Recorded information:
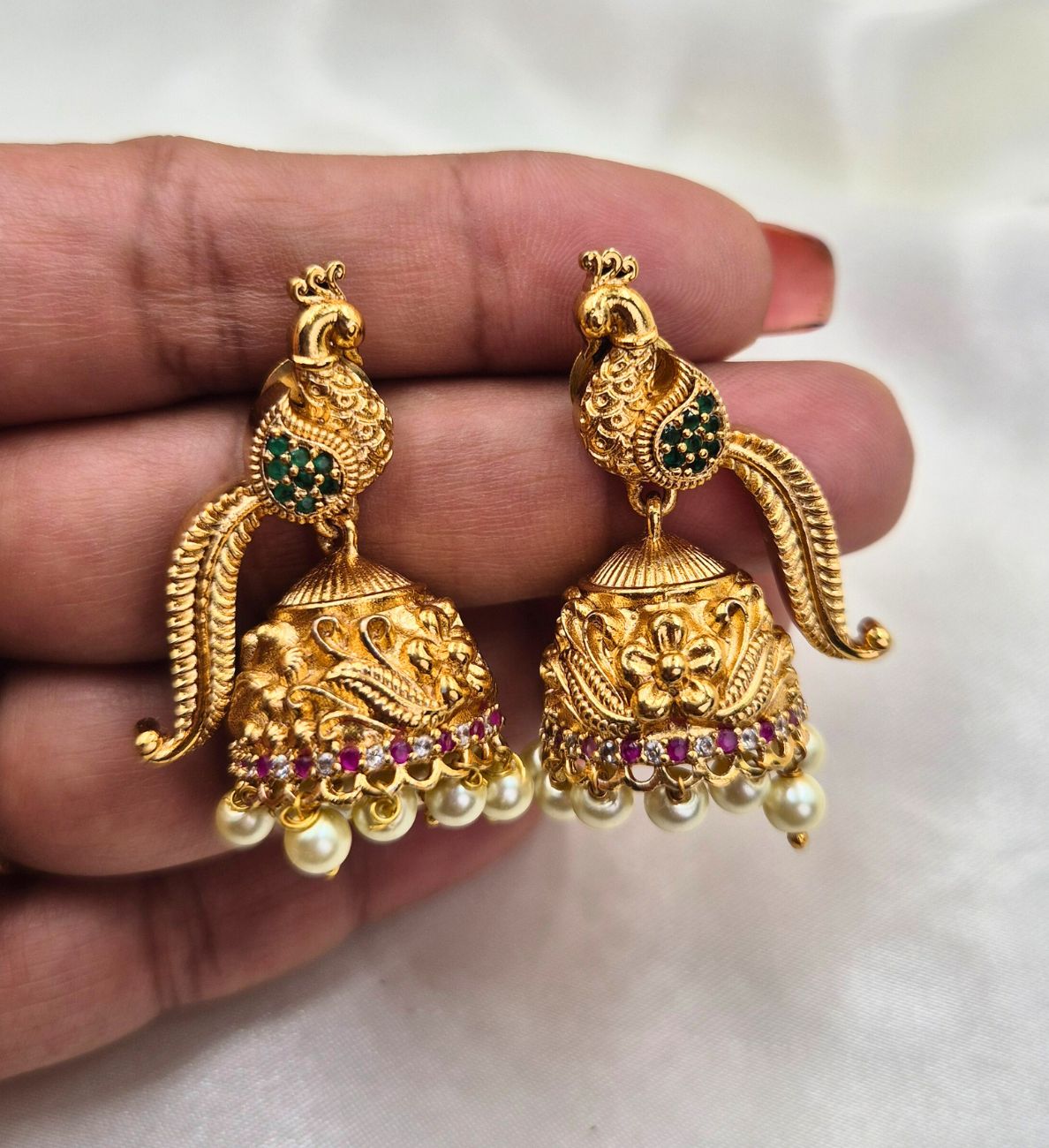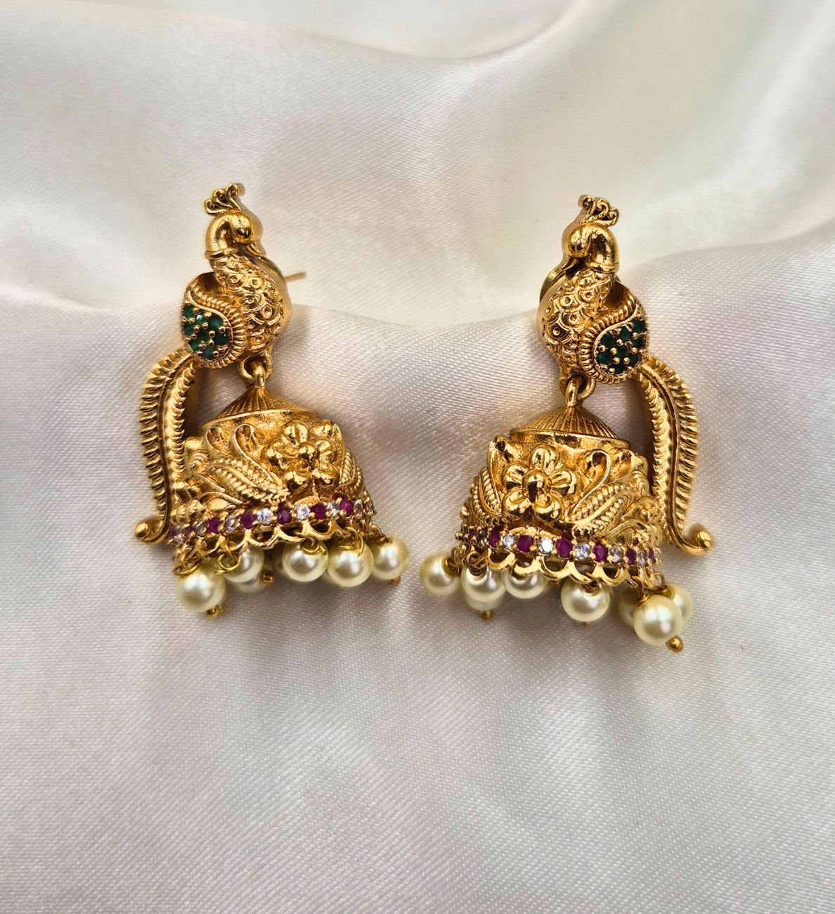 • Intricately crafted peacock motif top with gold-plated jhumka bottom
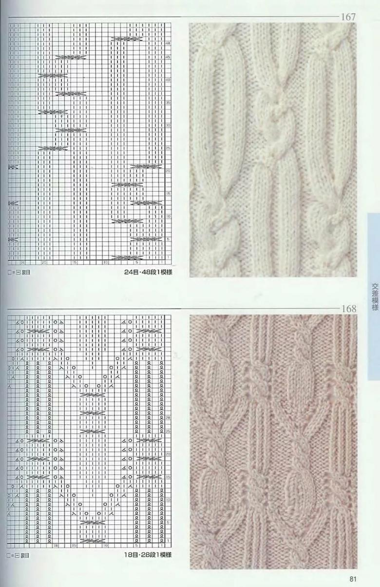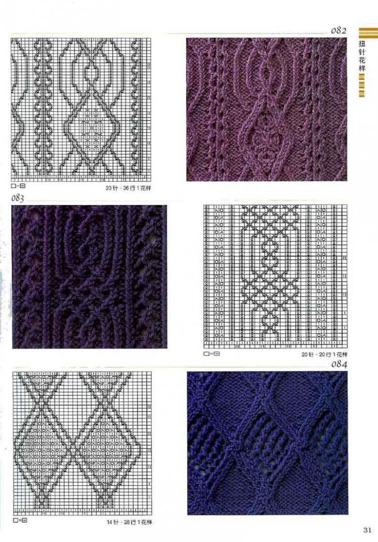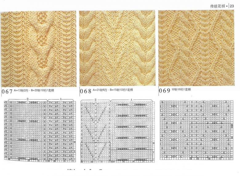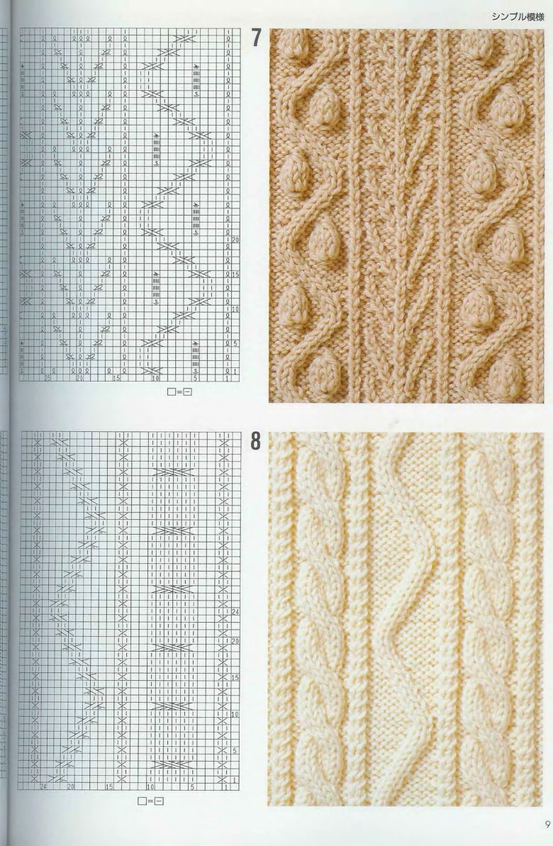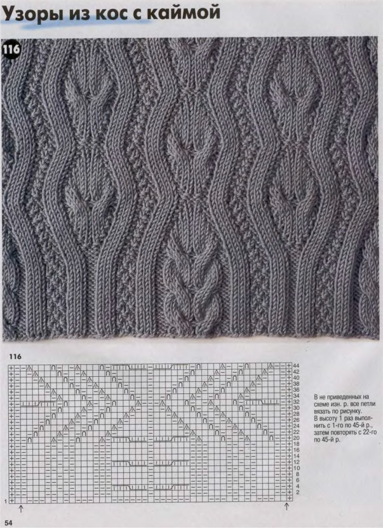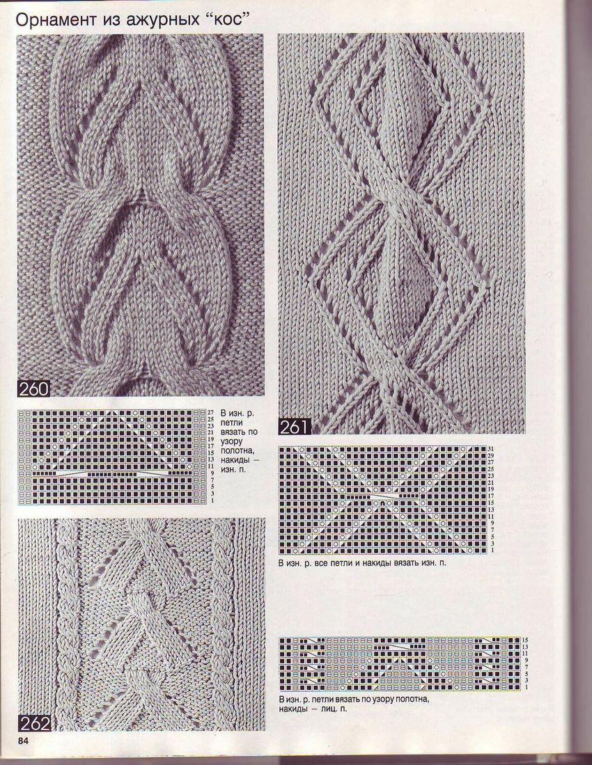 L'ensemble du motif complexe d'une grande pièce tricotée est constitué de tresses et de galons individuels. Les tresses sont des chevauchements simples de deux ou plusieurs boucles, à l'aide de rayons, tandis que les tresses sont constituées d'un motif entier de chevauchements, réalisés à la fois avec des rayons et des crochets, et assemblés en un grand motif entier. Les similitudes et les modes d'exécution de ces techniques permettent de les combiner en un seul type de motif.
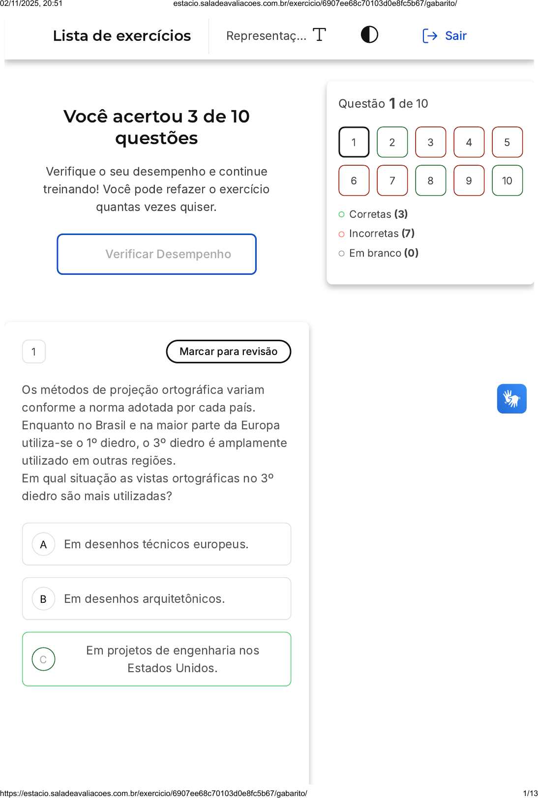 Você acertou 3 de 10 questões Verifique o seu desempenho e continue treinando! Você pode refazer o exercício quantas vezes quiser. Verificar Desempenho A B C 1 Marcar para revisão Os métodos de projeção ortográfica variam conforme a norma adotada por cada país. Enquanto no Brasil e na maior parte da Europa utiliza-se o 1º diedro, o 3º diedro é amplamente utilizado em outras regiões. Em qual situação as vistas ortográficas no 3º diedro são mais utilizadas? Em desenhos técnicos europeus. Em desenhos arquitetônicos. Em projetos de engenharia nos Estados Unidos. Questão 1 de 10 Corretas (3) Incorretas (7) Em branco (0) 1 2 3 4 5 6 7 8 9 10 Lista de exercícios Representaç… Sair 02/11/2025, 20:51 estacio.saladeavaliacoes.com.br/exercicio/6907ee68c70103d0e8fc5b67/gabarito/ https://estacio.saladeavaliacoes.com.br/exercicio/6907ee68c70103d0e8fc5b67/gabarito/ 1/13 D E Em mapas geográficos. Em ilustrações artísticas. Resposta incorreta Opa! A alternativa correta é a letra C. Confira o gabarito comentado! Gabarito Comentado O 3º diedro, também conhecido como método americano, é o sistema de projeção ortográfica adotado nos Estados Unidos e no Canadá, conforme as normas da ANSI (American National Standards Institute). Nesse método, as posições das vistas são diferentes do 1º diedro, mas as projeções resultantes são as mesmas, desde que a vista frontal seja mantida. Na Europa e no Brasil, o padrão utilizado é o do 1º diedro, conforme a NBR 10067. 2 Marcar para revisão A modelagem 3D tornou-se uma ferramenta indispensável no desenvolvimento de produtos e projetos de engenharia. Ao permitir simulações, visualizações e ajustes rápidos, ela contribui para a otimização do processo de criação, desde o esboço até a fabricação. Por que é importante compreender os conceitos e ambientes de modelagem 3D? 02/11/2025, 20:51 estacio.saladeavaliacoes.com.br/exercicio/6907ee68c70103d0e8fc5b67/gabarito/ https://estacio.saladeavaliacoes.com.br/exercicio/6907ee68c70103d0e8fc5b67/gabarito/ 2/13 A B C D E Para criar protótipos sem falhas. Para realizar cálculos de geometria descritiva. Para compreender a física dos objetos tridimensionais. Para desenvolver projetos de engenharia mais eficientes. Para explorar a arte da modelagem virtual. Resposta correta Parabéns, você selecionou a alternativa correta. Confira o gabarito comentado! Gabarito Comentado A compreensão dos conceitos e ambientes de modelagem 3D permite que o engenheiro simule, visualize e modifique projetos com mais rapidez e precisão, sem a necessidade de protótipos físicos. Isso resulta em processos mais ágeis, econômicos e seguros, aumentando as chances de sucesso desde a concepção até a produção. Por isso, é considerada uma das ferramentas mais poderosas na engenharia moderna. 02/11/2025, 20:51 estacio.saladeavaliacoes.com.br/exercicio/6907ee68c70103d0e8fc5b67/gabarito/ https://estacio.saladeavaliacoes.com.br/exercicio/6907ee68c70103d0e8fc5b67/gabarito/ 3/13 A B C D E 3 Marcar para revisão A alternativa que contém o conjunto de vistas ortográficas principais (1º diedro) da peça mostrada abaixo: A B C D E Resposta incorreta Opa! A alternativa correta é a letra A. Confira o gabarito comentado! Gabarito Comentado Resposta correta: A 02/11/2025, 20:51 estacio.saladeavaliacoes.com.br/exercicio/6907ee68c70103d0e8fc5b67/gabarito/ https://estacio.saladeavaliacoes.com.br/exercicio/6907ee68c70103d0e8fc5b67/gabarito/ 4/13 A B C D E 4 Marcar para revisão Analise as sentenças abaixo referentes aos conceitos de protótipo: I. O protótipo permite materializar um produto que está sendo planejado, fazer testes e aprimorar sua versão final para produção; II. Os protótipos físicos estão relacionados à utilização de simulação computacional, o que proporciona maior facilidade e flexibilidade para ajustes do que os protótipos virtuais; III. A prototipagem virtual necessariamente elimina a prototipagem física em todos os casos; IV. Protótipos físicos são produtos tangíveis, enquanto os protótipos virtuais representam o produto de maneira intangível. Está(ão) correta(s), apenas: I, III e IV III e IV IV I e IV II e IV Resposta incorreta Opa! A alternativa correta é a letra D. Confira o gabarito comentado! 02/11/2025, 20:51 estacio.saladeavaliacoes.com.br/exercicio/6907ee68c70103d0e8fc5b67/gabarito/ https://estacio.saladeavaliacoes.com.br/exercicio/6907ee68c70103d0e8fc5b67/gabarito/ 5/13 Gabarito Comentado As sentenças corretas são a I e a IV. A sentença I está correta porque um protótipo é, de fato, uma versão inicial de um produto que permite testes e aprimoramentos antes da produção final. A sentença IV também está correta, pois diferencia corretamente os protótipos físicos, que são tangíveis, dos protótipos virtuais, que são representações intangíveis do produto. As sentenças II e III estão incorretas. A II está errada porque, na verdade, os protótipos virtuais é que estão relacionados à simulação computacional e proporcionam maior facilidade para ajustes. A III está errada porque a prototipagem virtual não elimina necessariamente a prototipagem física em todos os casos, pois em muitas situações, o protótipo físico ainda é necessário para testes mais concretos. 5 Marcar para revisão A Geometria Descritiva é um campo fundamental para o desenho técnico, especialmente na representação de objetos em projetos de engenharia. Criada por Gaspard Monge, ela permite representar com exatidão formas tridimensionais em suportes bidimensionais, como o papel. Qual das alternativas define corretamente a Geometria Descritiva? 02/11/2025, 20:51 estacio.saladeavaliacoes.com.br/exercicio/6907ee68c70103d0e8fc5b67/gabarito/ https://estacio.saladeavaliacoes.com.br/exercicio/6907ee68c70103d0e8fc5b67/gabarito/ 6/13 A B C D E Um método de desenho artístico. Uma forma de representar objetos tridimensionais em duas dimensões. Um sistema para medi
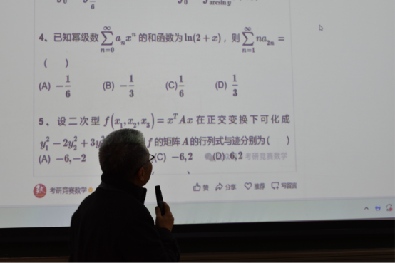 讲座中,江涛教授精准剖析了考研数学备考的核心痛点:教材固定框架与考试灵活要求之间的落差,导致部分考生因基础原理理解不深、解题策略固化,面对看似“超纲”“新颖”的题目时陷入困境。他以典型真题为切入点,通过传统解法与优化思路的对比拆解,生动诠释了“化繁为简、直击核心”的解题逻辑,直观展示如何跳出常规思维、洞察题目本质。他强调,考研数学能力提升的关键不在于“题海战术”,而在于对经典题型的方法反思与升级,建立 “通法”与“巧解”的有效联结,实现解题效率与准确率的双重提升。
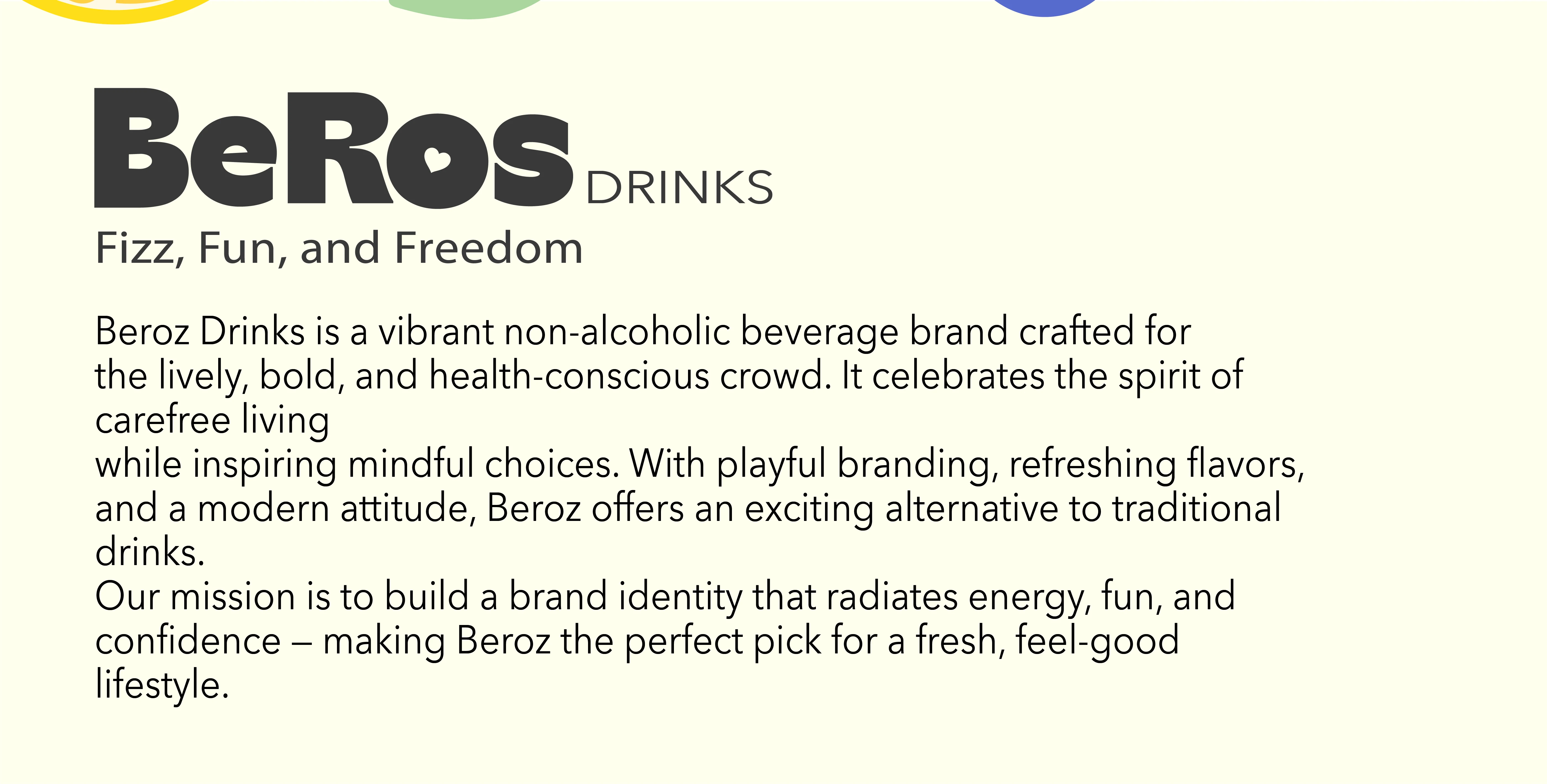 BeRos Drinks is a contemporary beverage brand that delivers bold, refreshing flavors with a clean and minimal approach. Built around the ideas of clarity, energy, and modern living, BeRos offers a premium yet approachable drinking experience. The brand is designed to resonate with young, health-conscious consumers who value both style and substance.

Exercise:
Print the material above word for word, first line through the line with "L'ensemble du motif", and leave every picture out.

Exercise answer:
 • Intricately crafted peacock motif top with gold-plated jhumka bottom
 L'ensemble du motif complexe d'une grande pièce tricotée est constitué de tresses et de galons individuels. Les tresses sont des chevauchements simples de deux ou plusieurs boucles, à l'aide de rayons, tandis que les tresses sont constituées d'un motif entier de chevauchements, réalisés à la fois avec des rayons et des crochets, et assemblés en un grand motif entier. Les similitudes et les modes d'exécution de ces techniques permettent de les combiner en un seul type de motif.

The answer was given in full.